To obtain S corp status for a specific year, Form 2553 must be filed no later than March 15 of that year for companies operating in a calendar year. For companies operating in an alternate fiscal year, it must be submitted no later than the 15th of the third month of the fiscal year. 

Tax

The main reason for choosing S corp is to save on taxes. There are significant differences in how C corporations and S corporations are taxed. For federal tax purposes, C corporation profits are taxed and reported on the corporation tax return. Any after-tax profits distributed to shareholders as dividends will be taxed again and reported by shareholders on their personal tax returns. This “double taxation” can be avoided by choosing S corp status for your company. An S corporation is considered similar to a sole proprietorship or partnership. Profits (or losses) go through S corp. shareholders and only shareholders are taxed and reported on their individual tax returns. Many states also pass on profits and losses to owners of S corporations. However, some states impose double taxation on the S Corps.

Ownership

A-C companies will provide more flexibility in selling their shares. According to the IRS, a company that chose S corp. Status may not:

  • Has more than 100 shareholders
  • Issuing more than one class of shares
  • Have shareholders who are not U.S. citizens or residents

Owned by a C corporation, other S corporation, LLC, partnership, or various trusts

None of these restrictions apply to C corporations, which can help companies grow and thrive. For example, owning more than one class of stock can help a business raise money from investors without giving them voting rights.

Extra benefits

A company may wish to provide certain benefits to shareholders who are employees, such as health, life, and disability insurance. For a C corporation, the cost of such benefits can be deducted by the corporation, and there is no tax on shareholders as long as the benefit is provided to at least 70% of its employees. An S corporation cannot deduct benefit costs and is taxed on shareholders who own more than 2% of the stock.

Which is best for you?

C Corp Vs S Corp – Generally speaking, an S corporation. Small businesses prefer this status, which usually falls within the legal restrictions of an S corp. Certain types of companies find more advantages in C corporations. An S corporation is generally not suitable for large companies, companies with large start-up capital and ambitions, or companies planning to sell stock globally.

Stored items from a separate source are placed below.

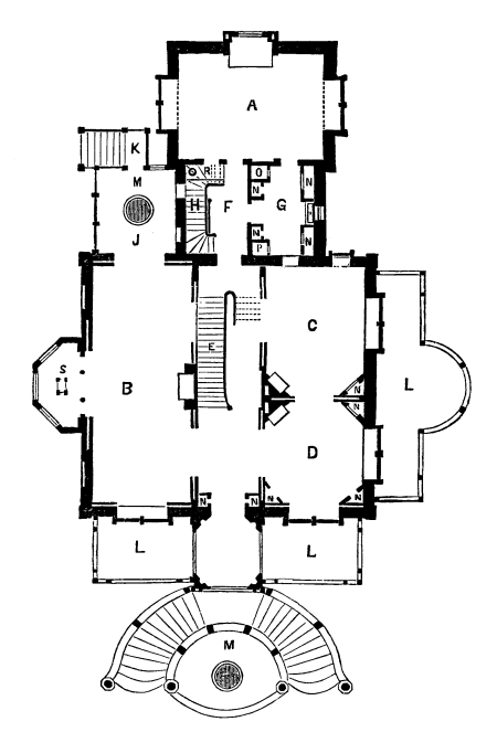 Fig. 2 shows the plan of the principal story. A, Dining Room. B, Drawing Room. C, and D, Parlors connected by sliding doors with the Drawing Room through the hall. E, Principal staircase. F, Back Hall. G, Butler’s Pantry with dumb waiter, plate closet, wash-trays, etc. H, Back stairs. J, Conservatory. K, Steps leading down to Yard. L, L, L, Verandahs. M, M, Piscinæ.
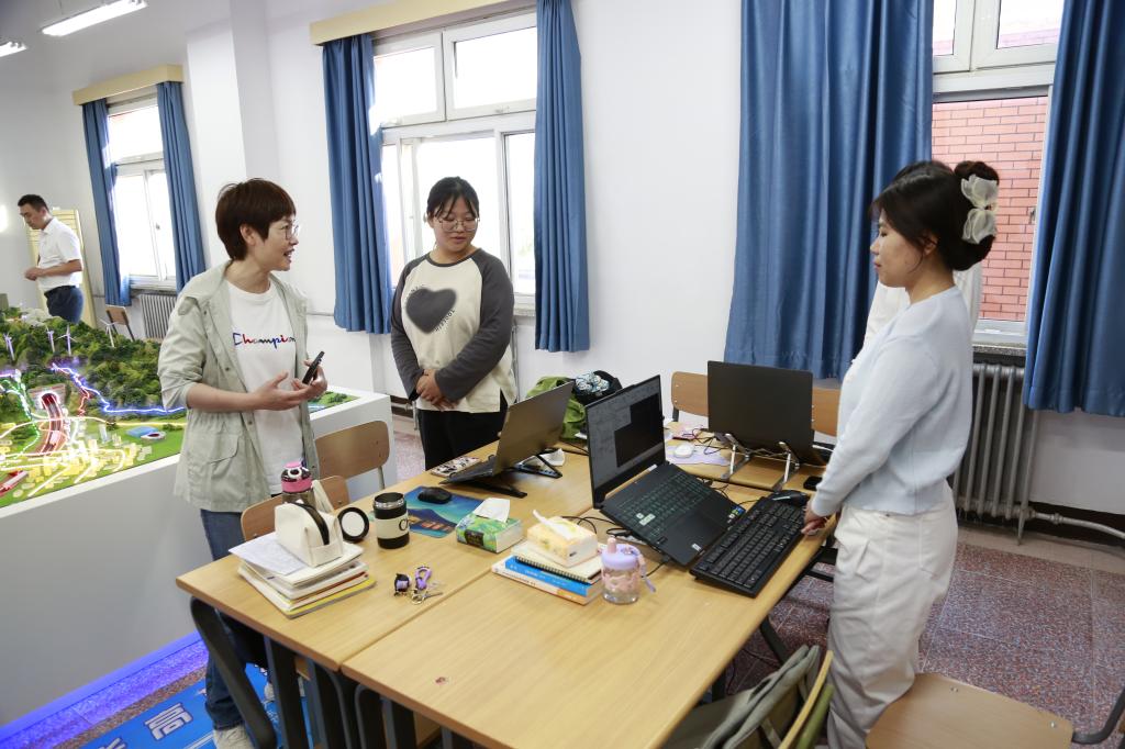 在实训场地,师生讲解员就实训室建设情况进行了介绍,并展示了利用专业技能为区域经济社会发展做出的成果。
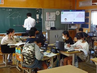 7月4日(火)3校時、5年2組で1年目の先生の研究授業がありました。算数科「合同な図形」の単元で、四角形の4つの内角の和について考える学習でした。子どもたちはグループで話し合いながら、三角計の内角の和180°をもとにしっかりと自分たちの考えを説明することができていました。
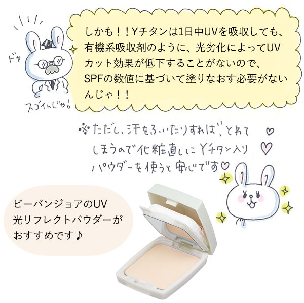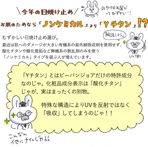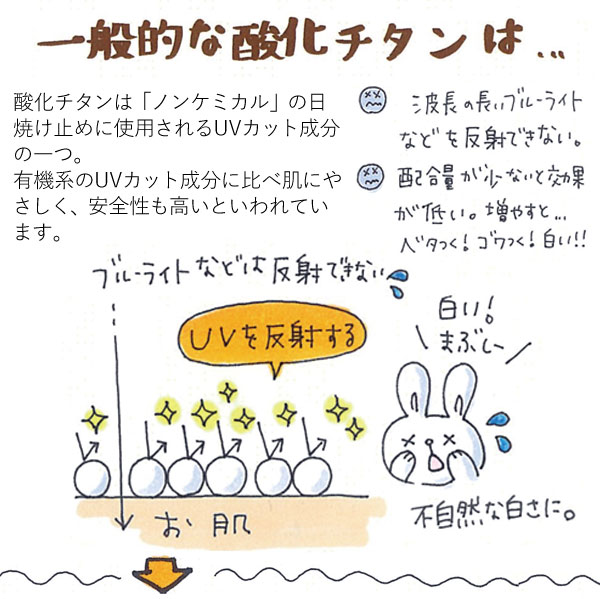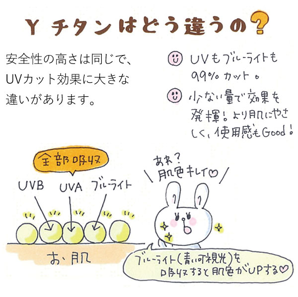 酸化チタン(Yチタン)がUVA波・UVB波を遮断し、日やけを防ぎます。
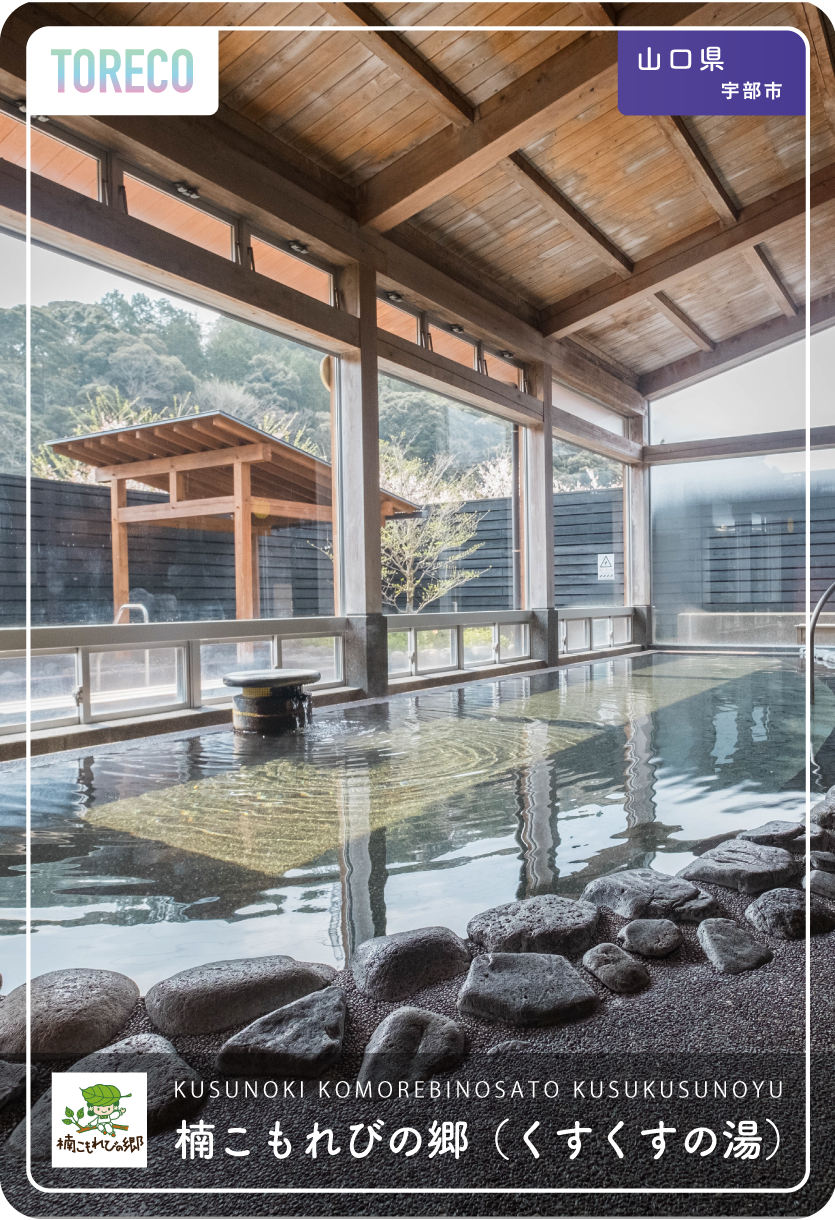 おすすめポイント楠こもれびの郷は温泉、パン屋、農家レストラン、直売所の複合施設。くすくすの湯は34.6℃の源泉を加温してかけ流している天然温泉です。四季折々の移り変わりを直に楽しむことができます。建屋は山口県産の素材をふんだんに使用しており、木の香りをお楽しみください。
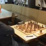 Doch der erste Schock kam am sechsten Brett. Diego ließ in seinem Endspiel, Läufer + fünf Bauern gegen Springer und fünf Bauern, seinen Läufer ungedeckt stehen, was Olaf Pothenick sogleich ausnutze. Die Enttäuschung stand Diego ins Gesicht geschrieben und er spielte seine Züge nur noch schnell nach vorne, um mit dem Spiel abzuhaken. Glücklicherweise opferte Olaf Pothenick seinen Springer für einen entlegenen Freibauern, was zwar auch nicht falsch ist, aber der Sieg wurde damit deutlich schwieriger zu realisieren. Und so konnte Diego noch das Remis halten und die erste Partie des Tages ging friedlich aus.
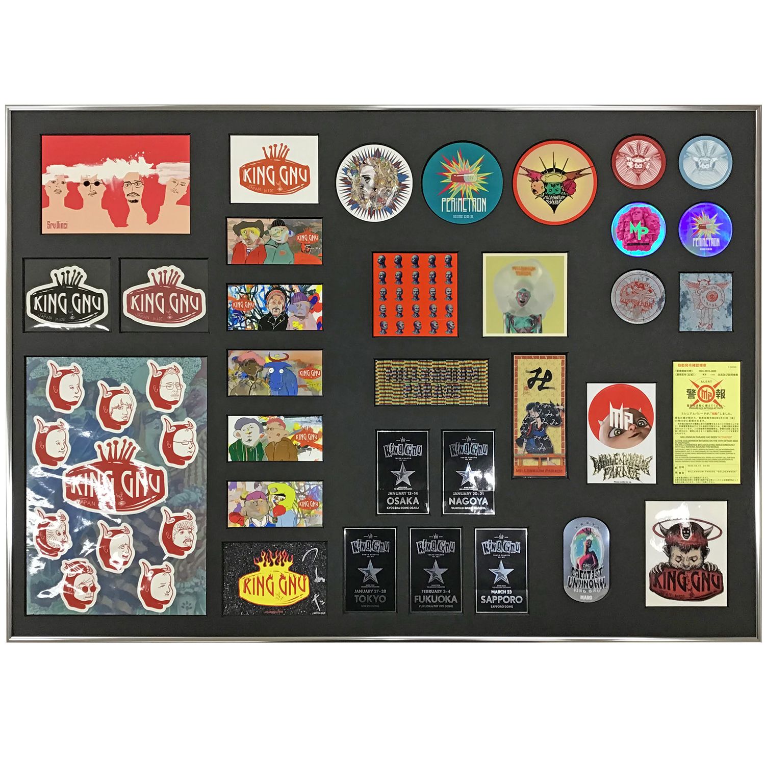 king gnuのロックバンドステッカーを額装しました。 お客様のご要望に合わせて、ステッカーの配置を一つ一つ確認しながらバランス良く並べたので、ひとつのアートとしてまとまりのある仕上がりとなっています。この作品に込められたお客様のこだわりと愛情が感じられる額装です。

 Large corporations may want to be able to have more than 100 shareholders, sell shares to investors who are not U.S. citizens or resident aliens, own shares owned by other entities (corporations, LLCs, partnerships, trusts, etc.) A class of stocks. Generally, S corps are more popular with small businesses because of the potential tax savings, while C corps are more popular with larger corporations because of more flexibility in raising capital. However, neither is the C corporation. Or S corporation is best for your business depending on careful analysis of various factors related to your particular situation.